Clinical trials typically require detailed documentation of the timing and nature of the headache in relation to the spinal procedure. Researchers need to verify that the headache developed within a specific timeframe after the procedure, usually within five days, and that it exhibits the characteristic postural component. This means patients must demonstrate that their pain clearly worsens when upright and improves when lying down.[2]
Trial protocols often specify minimum severity requirements for the headache to ensure that the study focuses on patients who truly need intervention. This may involve using standardized pain scales where patients rate their pain intensity on a numerical scale. Additionally, researchers typically document the impact of the headache on daily functioning, as this helps assess whether the condition is severe enough to warrant the experimental treatment being studied.
For entry into clinical trials, patients usually need comprehensive medical records documenting the original spinal procedure, including details about the type of needle used, the number of attempts made, and any immediate complications. This information helps researchers understand risk factors and potentially identify which patients might benefit most from new treatments.[11]

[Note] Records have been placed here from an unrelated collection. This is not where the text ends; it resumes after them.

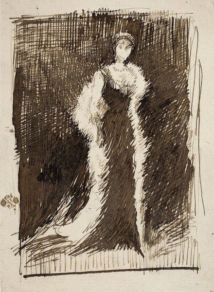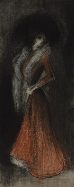 Editor: Here we have Renoir's "Ellen Andree" from 1879, a captivating portrait rendered with oil paint and pastel. I'm struck by its delicate, almost dreamlike quality. The blending of colours feels very deliberate. What aspects of this work stand out to you? Curator: Certainly. The semiotic relationships constructed here are fascinating. Consider the interplay of light and shadow; the formal elements serve to generate an emotional response. Note how Renoir has manipulated colour to imply form rather than explicitly define it. What does this haziness communicate? Editor: Perhaps a sense of ethereal beauty or a fleeting moment in time? It does soften the subject's features, making her less defined, more of a feeling than a concrete form. Curator: Precisely. This formal choice invites closer inspection and prompts consideration of Renoir’s technique. Reflect on how he disrupts linear form in favour of tonal gradation. Look at the direction of the brushstrokes, too, moving around the composition as a whole to form implied visual rhythms. Editor: I see that now. It is quite interesting how the technique gives it a certain aesthetic…almost unfinished look, while being very clearly intentional at the same time. How does it inform meaning? Curator: Indeed. The fragmented and seemingly 'unfinished' quality prompts the viewer to participate in the image's completion. The open composition also implies spatial relationships beyond the frame itself, a deliberate strategy which lends this artwork an experiential, durational quality. In viewing this artwork we might use structuralist reading techniques to arrive at deeper interpretation. What does the piece have to ‘say’ about womanhood or perception itself? Editor: Fascinating. I had only noticed the surface, so to speak. I see how analyzing these elements, their forms, creates the image and our understanding of it. Thank you! Curator: A close reading reveals this and it enhances the art experience, yes.
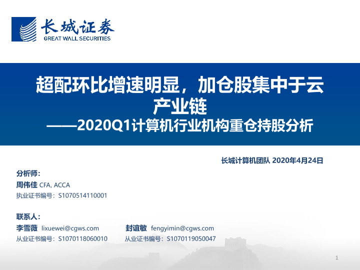 【长城证券】【20200424】2020Q1计算机行业机构重仓持股分析:超配环比增速明显,加仓股集中于云产业链-13页
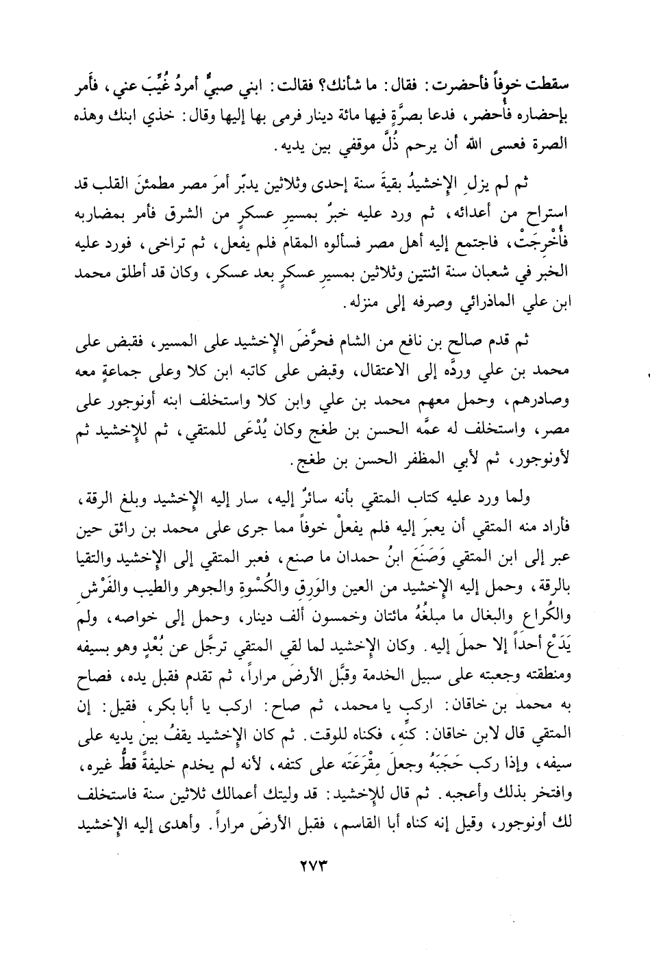 ولما ورد عليه كتاب المتقي بأنه سائر إليه، سار إليه الإخشيد وبلغ الرقة، فأراد منه المتقي أن يعبر إليه فلم يفعل خوفاً مما جرى على محمد بن رائق حين عبر إلى ابن المتقي وصنع ابن حمدان ما صنع، فعبر المتقي إلى الإخشيد والتقيا بالرقة، وحمل إليه الإخشيد من العين والورق والكسوة والجوهر والطيب والفرش والكراع والبغال ما مبلغه مائتان وخمسون ألف دينار، وحمل إلى خواصه، ولم يدع أحداً إلا حمل إليه. وكان الإخشيد لما لقي المتقي ترجل عن بعد وهو بسيفه ومنطقته وجعبته على سبيل الخدمة وقبل الأرض مراراً، ثم تقدم فقبل يده، فصاح به محمد بن خاقان: اركب يا محمد، ثم صاح: أركب يا أبا بكر، فقيل: إن المتقي قال لابن خاقان: كنه، فكناه للوقت. ثم كان الإخشيد يقف بين يديه على سيفه، وإذا ركب حجبه وجعل مقرعته على كتفه، لأنه لم يخدم خليفة قط غيره، وافتخر بذلك وأعجبه. ثم قال للإخشيد: قد وليتك أعمالك ثلاثين سنة فاستخلف لك أونوجور، وقيل إنه كناه أبا القاسم، فقبل الأرض مراراً. وأهدى إليه الإخشيد
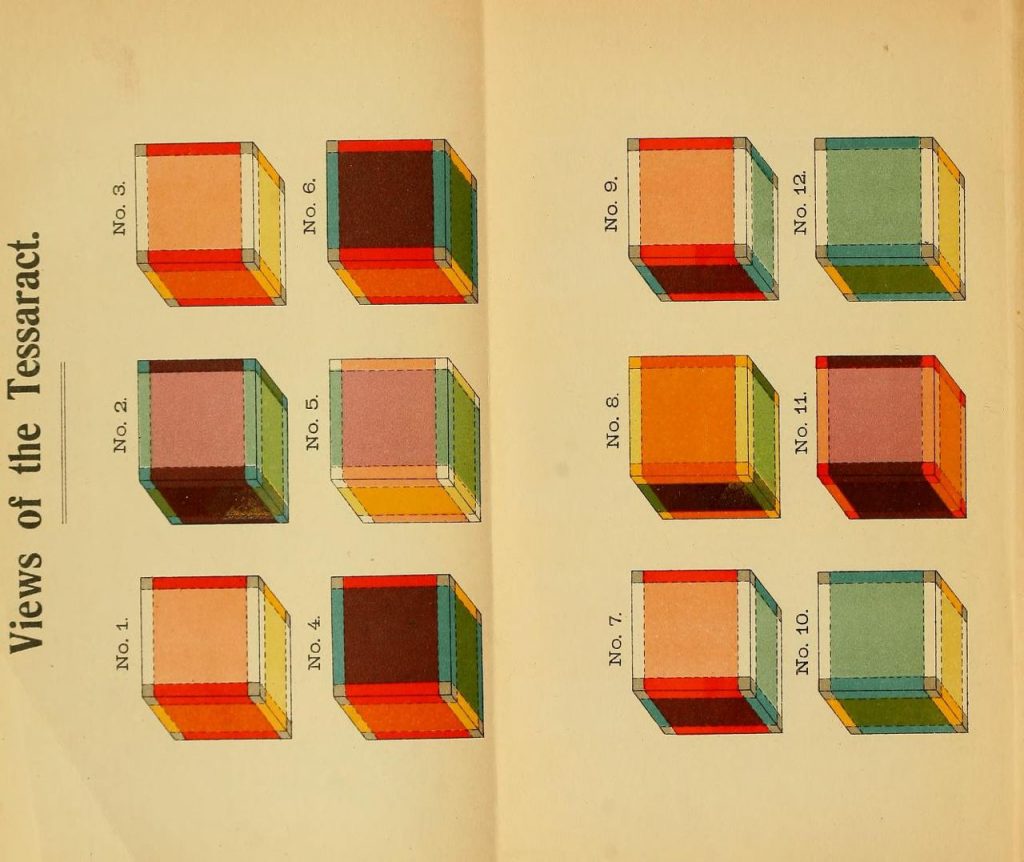 Он дает иллюстрации и инструкции по созданию этих кубиков, а также использует слово «тессеракт» для описания четырехмерного объекта. Хинтон также обещает, что, когда визуализация будет достигнута, его кубики смогут раскрыть скрытый потенциал.
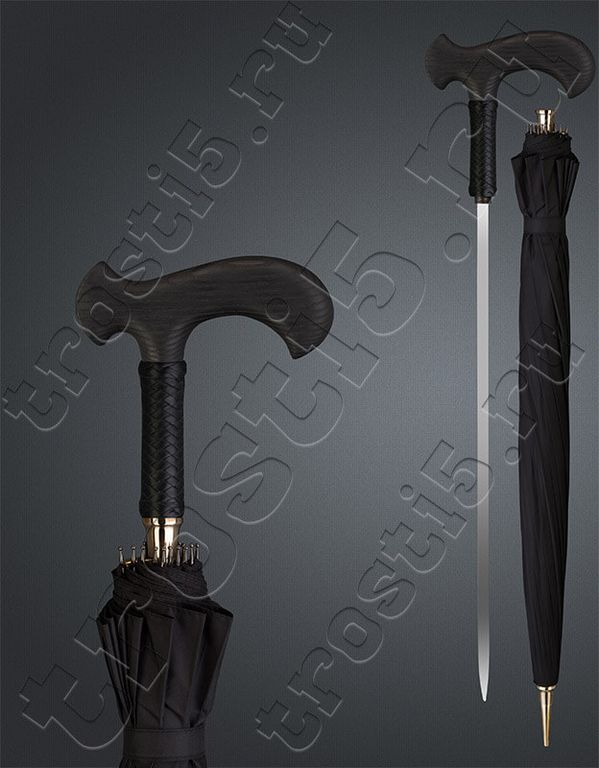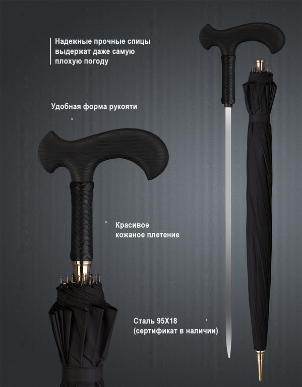 - Клинок: сталь 95Х18, 49 см. У зонта-трости есть специальный клинок, который может быть использован в качестве самообороны. Клинок выполнен из прочной стали и имеет сертификат качества.
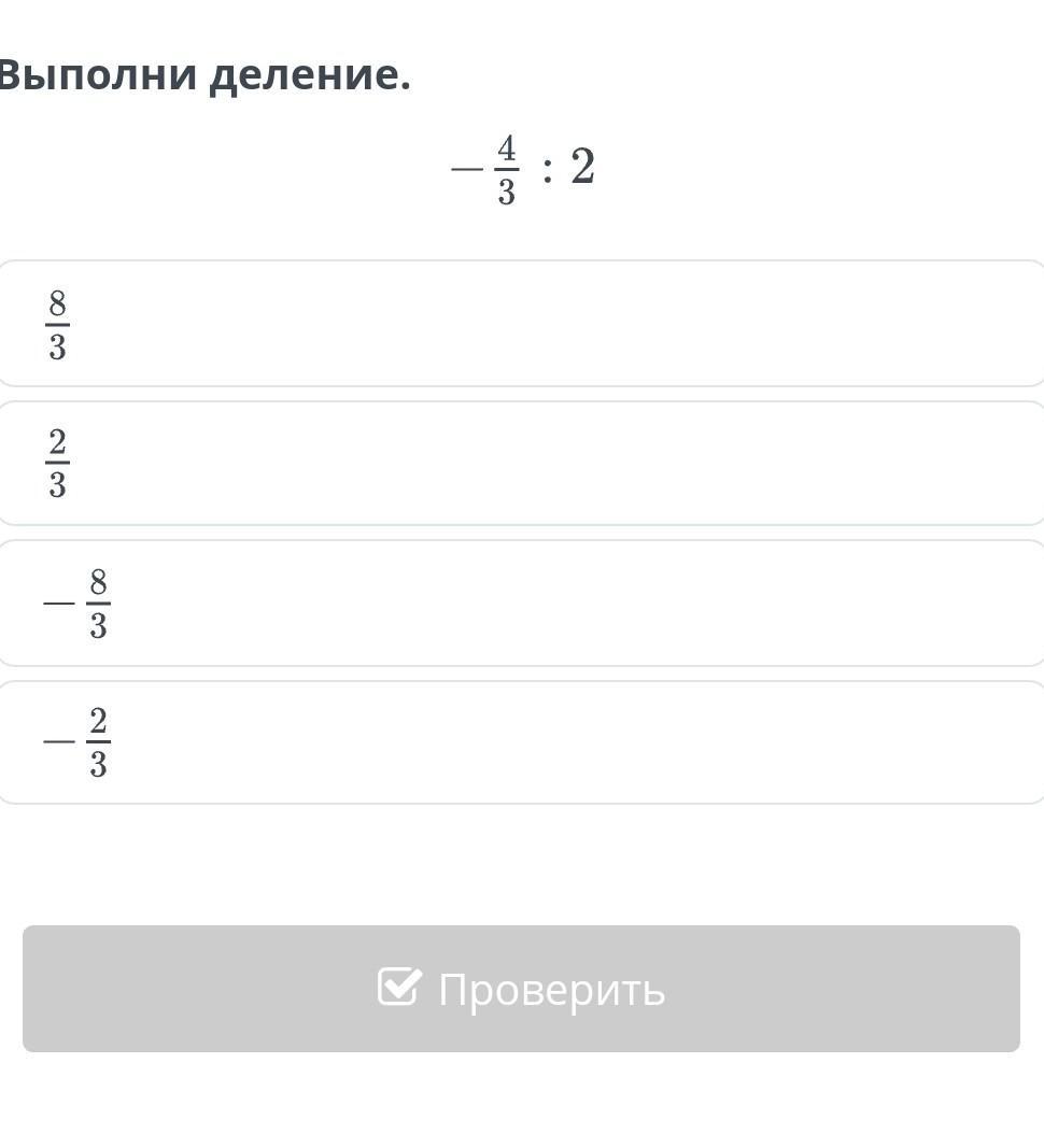 -4/3 : 2 = -4/3 : 2/1 = - дробная черта сверху 4 * 1 снизу 3 *2 = -2/3
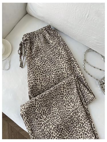More information about Floerns Women's Y2k Wide Leg Pants Leopard Drawstring Low Waist Loose Lounge Trousers
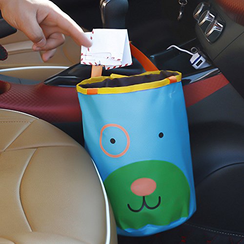 クリエイティブかわいいポータブル車のストレージのバケツのゴミ箱の折り畳み式の車ハンギングバスケット - 青
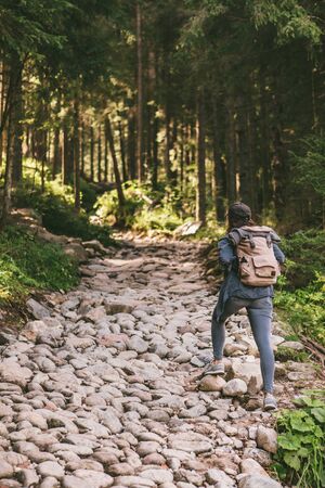 Hiking trail in the forest. Hiker hiking in the mountains.
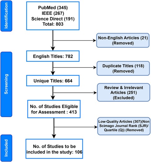 To ensure the inclusion of high-quality and peer-reviewed research, the study employed a quality-filtering criterion based on the Scimago Journal Rank (SJR) and Journal Citation Reports (JCR) quartile (Q) indexing systems. In this review, only articles published in journals indexed in SJR or those with JCR quartile rankings (Q1–Q4) were considered eligible for inclusion. Studies published in journals not indexed in either SJR or JCR, or lacking identifiable quality metrics, were classified as “Non-SJR/Q” and consequently excluded. The SJR metric reflects the scientific influence of scholarly journals by accounting for both the number of citations received and the prestige of the citing journals, while the JCR-Q system ranks journals from Q1 (highest impact) to Q4 (lowest) based on citation distributions. This quality screening ensured that the included literature represented peer-reviewed, credible, and widely recognized sources within the scientific community. Furthermore, conference papers, pilot studies, non-English articles, and inaccessible manuscripts were excluded to maintain methodological rigor and focus on reproducible, peer-reviewed work.
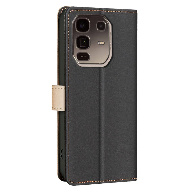 Elegante Brieftasche mit integriertem RFID-Schutz für Ihr Infinix Note 50 Pro Plus 5G. Anspruchsvolles zweifarbiges Design, 3 Kartenfächer und 1 Bargeldfach. Integrierte Halterung für freihändiges Betrachten und umfassenden Schutz.
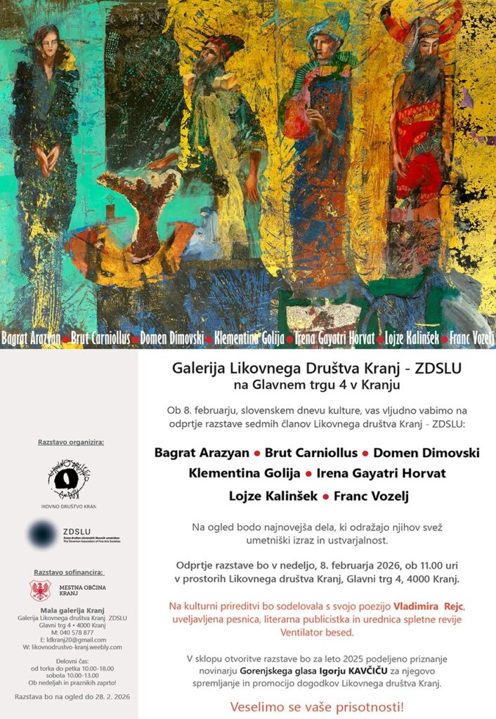 Dogodkovnik Odprtje razstave v Galeriji likovnega društva Kranj Avtor: Ventilator besed - 4. februarja, 2026 0 63
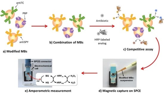 An interesting strategy for the rapid multiplexed screening of antibiotic residues in milk, applied to cephalosporins (CPHs), sulfonamides (SAs) and TCs, was reported by Conzuelo et al. []. This involved the use of SPCEs, a mixture of MMPs modified with 3-target specific, and the establishment of direct competitive assays with HRP-labeled tracers (Figure 4). Specific antibodies immobilized onto ProtG-MMPs and His6-tagged penicillin-binding protein (PBP) immobilized onto His-tag isolation-MMPs were used as selective capture microcarriers for SAs, TCs and CPHs, respectively. The amperometric responses measured at SPCEs using the H2O2/HQ system allowed to evaluate the extent of affinity reactions. Noticeably, this methodology makes possible discrimination between raw milk and uncontaminated UHT samples and samples containing antibiotic residues at the maximum residue limits (MRLs) in only 5 min, by applying a simple and short pretreatment.
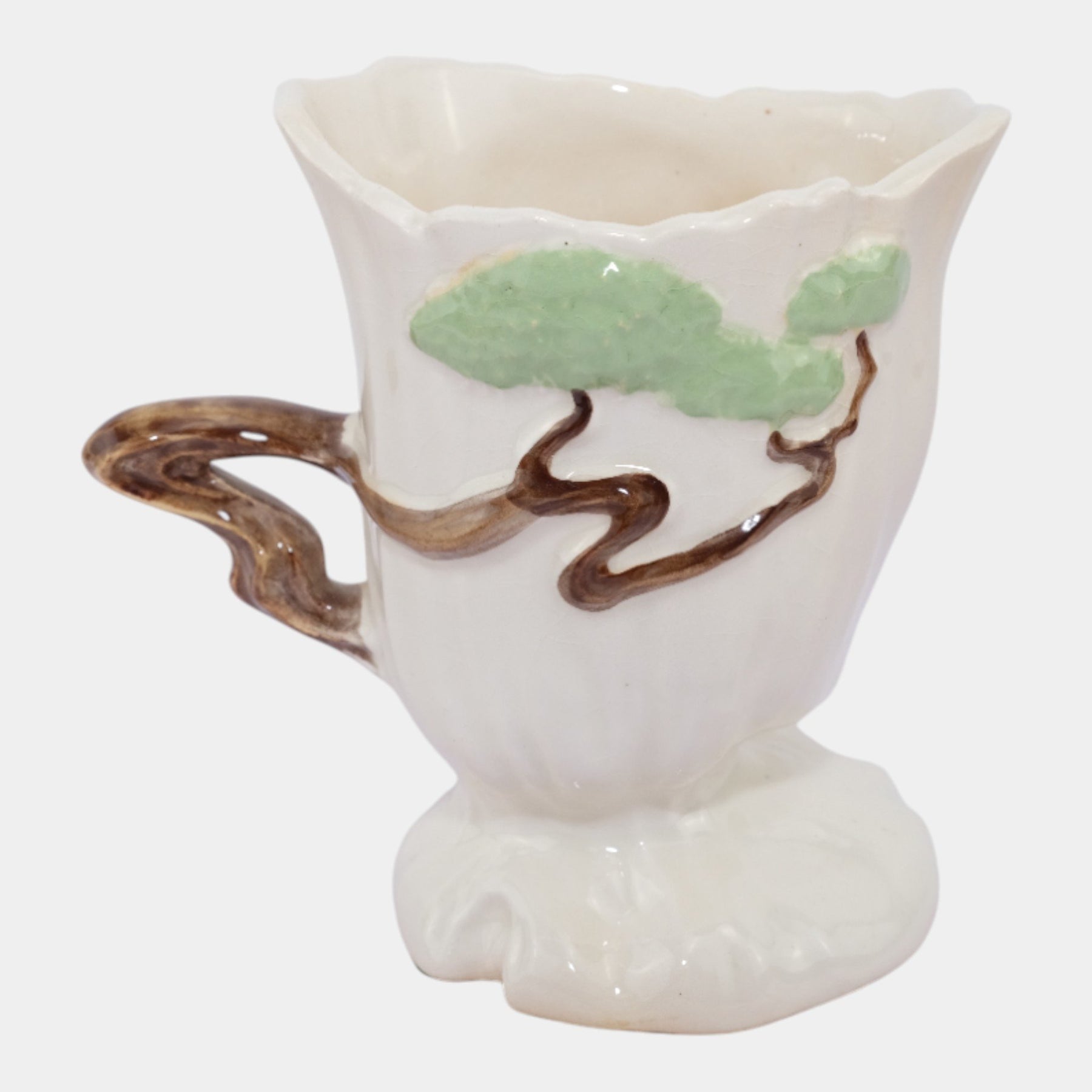 • Roseville Pottery was established in Roseville, Ohio, in 1890. Over the years, the company expanded its production to include a wide range of decorative wares, and by the early 20th century, Roseville had shifted its focus toward producing finely crafted art pottery in response to the growing Arts and Crafts movement. Many popular patterns and styles helped establish Roseville as a leading American art pottery maker, known for its high-quality craftsmanship and distinctive, nature-inspired designs.
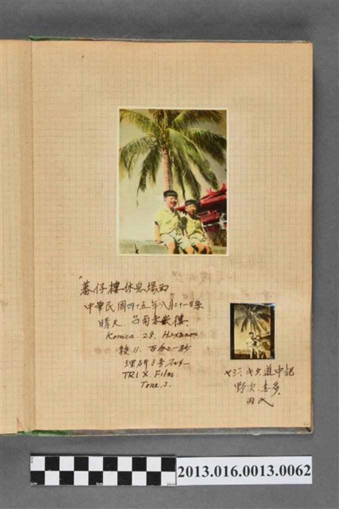 民國45年8月31日陳義鴻與陳新平於臺南赤崁樓庭院合照2張

Some clinical trials may require baseline imaging studies, such as MRI scans, even if they wouldn’t typically be performed in routine clinical practice. This allows researchers to document any structural changes or complications before treatment begins and to compare these findings with follow-up images taken after treatment. These baseline studies help researchers better understand how new treatments work and provide important safety information.[2]